胡蝶の舞の素性(前篇)http://kalanchoideae.blog.so-net.ne.jp/2014-01-18

さて、このグループも構成種を変種レベルで列挙する。変種の中には現在の分類上シノニムとされているものも含むが、区別できそうなものを残した。
・Kalanchoe fedtschenkoi
     Kalanchoe fedtschenkoi var. fedtschenkoi
     Kalanchoe fedtschenkoi var. isalensis
・Kalanchoe laxiflora
     Kalanchoe laxiflora ssp. violacea 
     Kalanchoe laxiflora ssp. stipitata
     Kalanchoe laxiflora ssp. subpeltata
・Kalanchoe marnieriana
・Kalanchoe serrata
・Kalanchoe waldheimii
・Kalanchoe tenuiflora
・Kalanchoe ×lokarana
--------------------------------------------------------------------------------
・Kalanchoe rosei
     Kalanchoe rosei ssp. rosei
     Kalanchoe rosei ssp. serratifolia
     Kalanchoe rosei ssp. variifolia 
     Kalanchoe rosei var. seyrigii
・Kalanchoe ×richaudii

 これを大きく2つに分けると上記の点線から上に挙げたfedtschenkoiやlaxifloraタイプの広い葉を持つグループと点線から下の葉身が細めなroseiグループに分かれる。後者は最近大規模な分類学的な見直しが行われるようなので、後回しにして前者の概観をまとめてみたい。
 このfedtschenkoiのグループは上に挙げたように雑種起源のものも含めて7種+変種が記載されている。この他にも未記載種と思しきものや区別可能な変種あるいは品種として扱えるものが知られる。

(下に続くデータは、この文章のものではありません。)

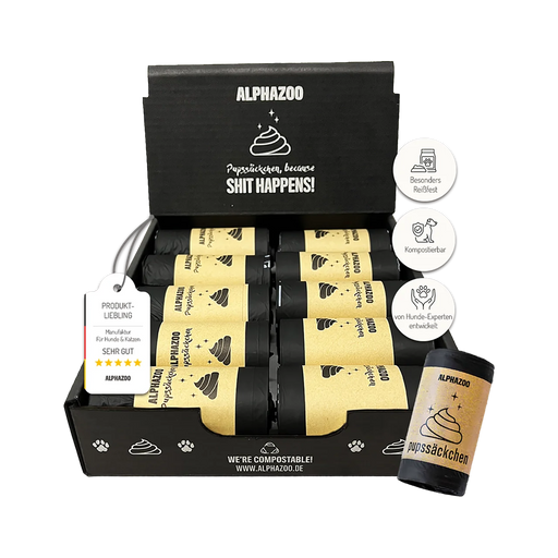 Alphazoo bajspåsar är tillverkade av växtbaserade material som bryts ner naturligt och snabbt i naturen. De är ett bra alternativ till traditionella plastpåsar och minskar plastavfallet, vilket gör dem till ett hållbart val för alla hundägare.
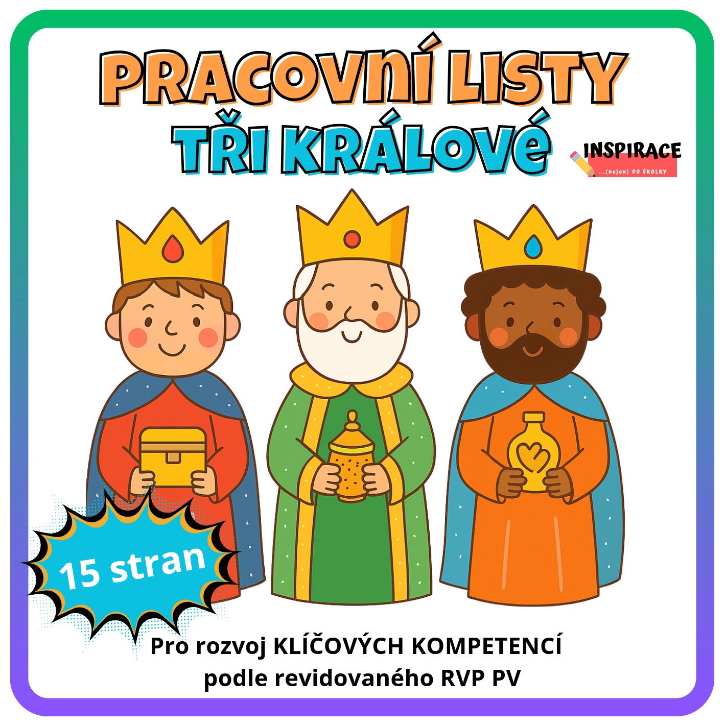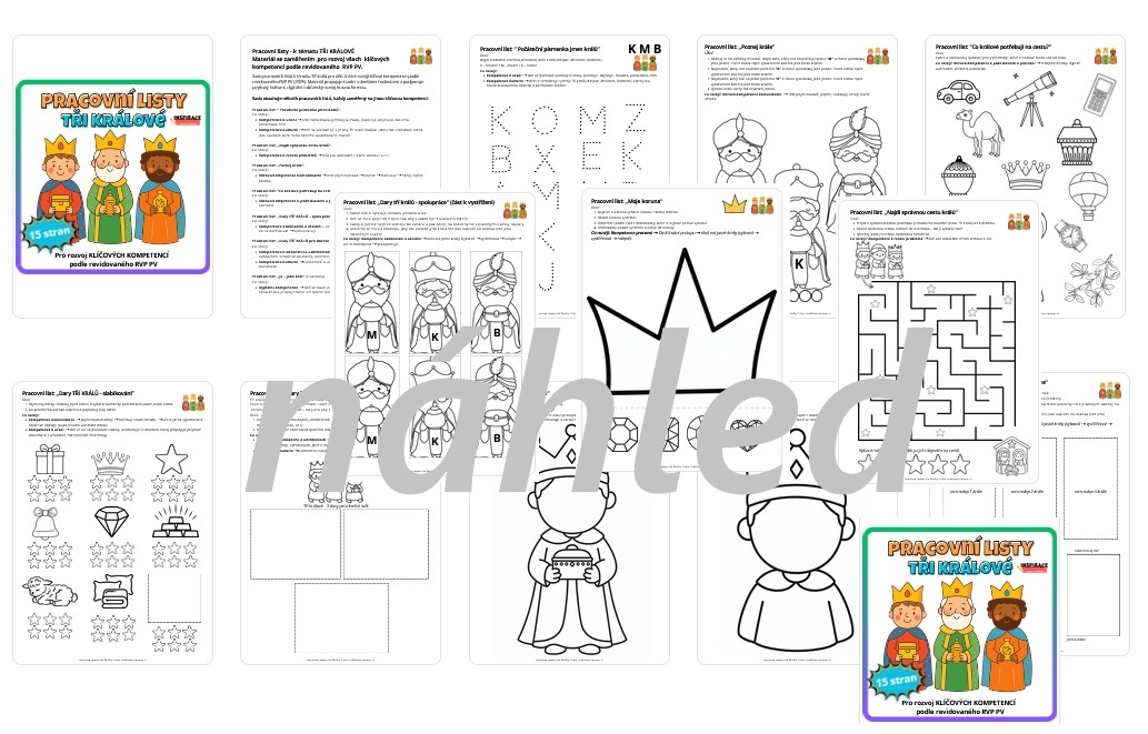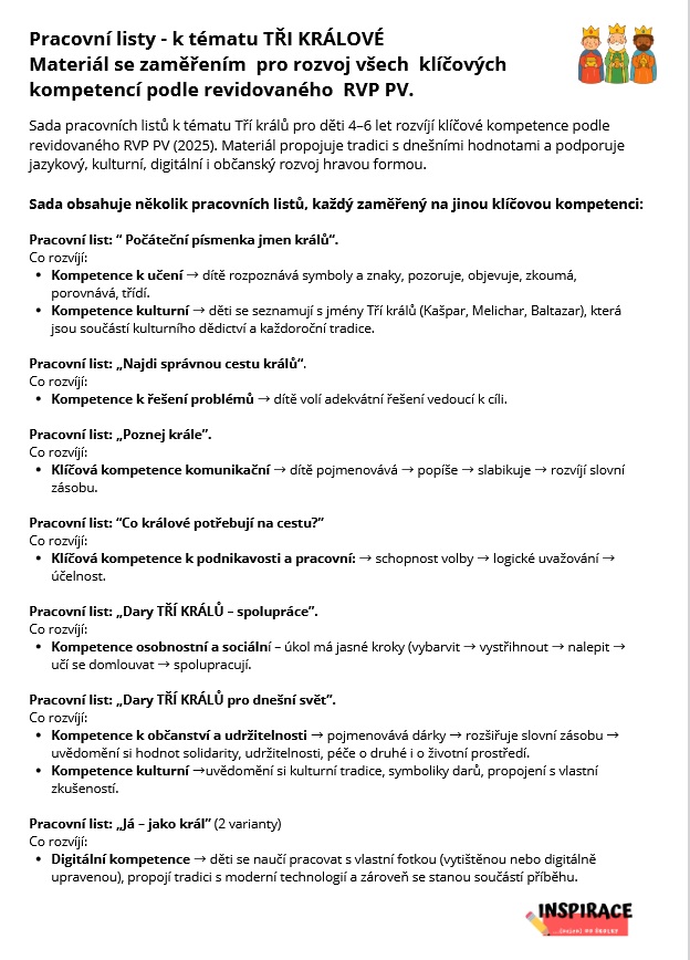 Sada pracovních listů k tématu Tří králů pro děti 4–6 let rozvíjí klíčové kompetence podle revidovaného RVP PV (2025). Materiál propojuje tradici s dnešními hodnotami a podporuje jazykový, kulturní, digitální i občanský rozvoj hravou formou.

 では先ずショップなどを見る限り最も普及していると思われるフェッシェンコイK. fedtschenkoi(よくフェドチェンコイと呼ばれている)から話を始めたい。本来なら胡蝶の舞の和名が与えられているラクシフローラK. laxifloraから始めてもよいのだが、この種を売っているのは殆ど見たことがないのだ。街の植え込みや他人のブログではたまに見かけるのだが、最近は流通していないのだろうか。
 一方フェッシェンコイはよく販売されているのを見かける。胡蝶の舞錦はK. fedtschenkoiの斑入りであるし、“リンリン”という名称(商品名?)のカランコエもK. fedtschenkoiである。ミニ多肉や多肉の寄せ植えとして売られていることも多い。
 嘆かわしいことに、今やフェッシェンコイが「胡蝶の舞」として認識されているようだ。以前述べた唐印やコダカラベンケイ(シコロベンケイ)と同様の現象だ。個人的にこういうことは嫌いなので、当ブログでも遺憾の意を表したい。

 などと書いているうちに長くなってしまったので、これこそ遺憾なのだが話を始めようとした矢先で打ち切って、次回につなげたい。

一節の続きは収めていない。